* Task requirements:
All entries are to be copied verbatim, while the pictures stay out.

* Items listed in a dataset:
┌──

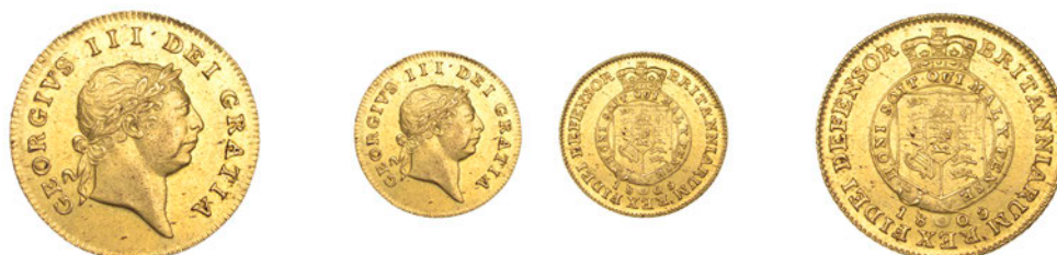
G 200 Half-Guinea, 1809, seventh bust (EGC 854; S 3737). Brushed, minor flecking, otherwise about extremely fine £400-£500
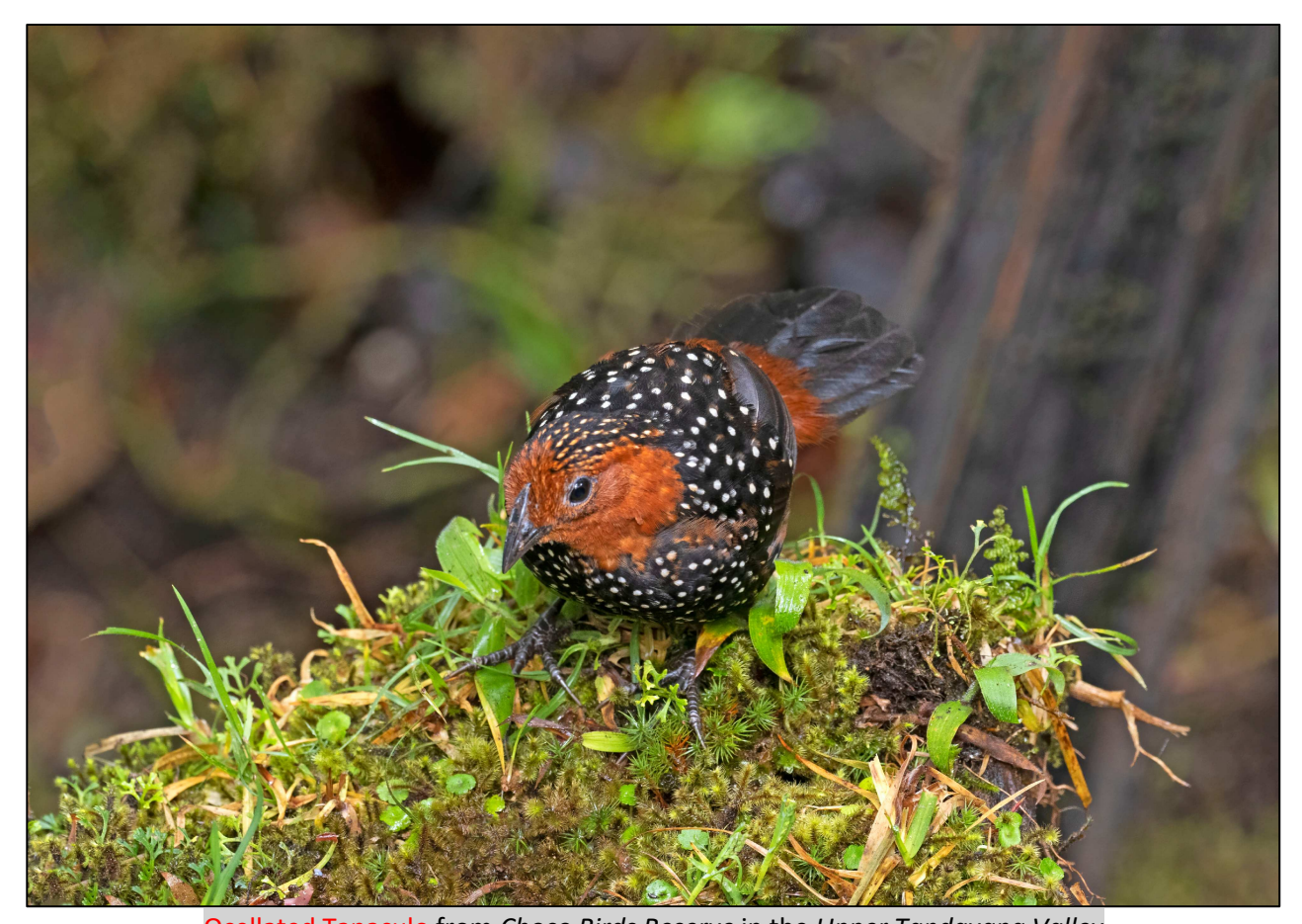
Ocellated Tapaculo from Choco Birds Reserve in the Upper Tandayapa Valley

Also on the same day we had the chance to visit the Upper Tandayapa Valley , which was very productive. We visited a new site, named Choco Birds Reserve , where we were able to see a procession of species at their feeders, including Beryl-spangled, Golden, Blue-capped and Metallic-green Tanagers, Blue-winged Mountain Tanager, Glossy-black Thrush, Masked Flowerpiercer, and Orange-bellied Euphonia. In the same area we found other species foraging away from the feeders, in the surrounding trees, like Dusky Chlorospingus, Pearled Treerunner, Mountain and Strong-billed Woodcreepers, Azara's Spinetail, Mountain Wren, and the exceptionally gaudy Plate-billed Mountain- Toucan. We also got a fly by from a Sharp-shinned Hawk. Best of all though, the owner of this small private reserve, Miguel , was able to lure out the shy Ocellated Tapaculo (photo below) for us to both see and photograph. The hummingbird feeders gave us the opportunity to add further higher altitude hummer species, including Speckled Hummingbird, Collared Inca, and another Chocó specialty, Gorgeted Sunangel.
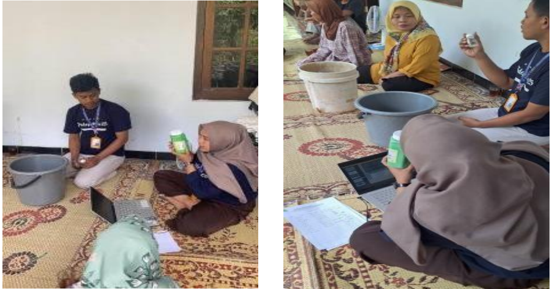
Figure 4. Presentation and introduction of the material
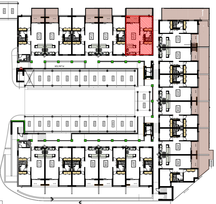
LEBENSTIJN GROUND FLOOR MASTER PLAN - Scale 1:500
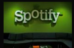
Spotify US gets stronger with Apple deal
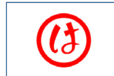
House Flag of Taiyo Gyogyo

1 Taiyo Gyogyo was established in the 1880s as a family firm and has evolved into the world's biggest fishing multinational with many subsidiaries including tuna and whaling fleets.
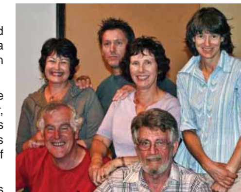
Photo: The cast of The Amorous Ambassador

This is a play that you won't want to miss! It opens on Saturday 3rd May and runs until May 10th at the Little Theatre in Matamata. See upcoming events for details.
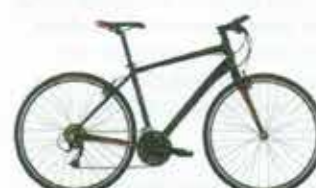
Avanti Giro F2

└──

* Result of this task:
G 200 Half-Guinea, 1809, seventh bust (EGC 854; S 3737). Brushed, minor flecking, otherwise about extremely fine £400-£500
Ocellated Tapaculo from Choco Birds Reserve in the Upper Tandayapa Valley

Also on the same day we had the chance to visit the Upper Tandayapa Valley , which was very productive. We visited a new site, named Choco Birds Reserve , where we were able to see a procession of species at their feeders, including Beryl-spangled, Golden, Blue-capped and Metallic-green Tanagers, Blue-winged Mountain Tanager, Glossy-black Thrush, Masked Flowerpiercer, and Orange-bellied Euphonia. In the same area we found other species foraging away from the feeders, in the surrounding trees, like Dusky Chlorospingus, Pearled Treerunner, Mountain and Strong-billed Woodcreepers, Azara's Spinetail, Mountain Wren, and the exceptionally gaudy Plate-billed Mountain- Toucan. We also got a fly by from a Sharp-shinned Hawk. Best of all though, the owner of this small private reserve, Miguel , was able to lure out the shy Ocellated Tapaculo (photo below) for us to both see and photograph. The hummingbird feeders gave us the opportunity to add further higher altitude hummer species, including Speckled Hummingbird, Collared Inca, and another Chocó specialty, Gorgeted Sunangel.
Figure 4. Presentation and introduction of the material
LEBENSTIJN GROUND FLOOR MASTER PLAN - Scale 1:500
Spotify US gets stronger with Apple deal
House Flag of Taiyo Gyogyo

1 Taiyo Gyogyo was established in the 1880s as a family firm and has evolved into the world's biggest fishing multinational with many subsidiaries including tuna and whaling fleets.
Photo: The cast of The Amorous Ambassador

This is a play that you won't want to miss! It opens on Saturday 3rd May and runs until May 10th at the Little Theatre in Matamata. See upcoming events for details.
Avanti Giro F2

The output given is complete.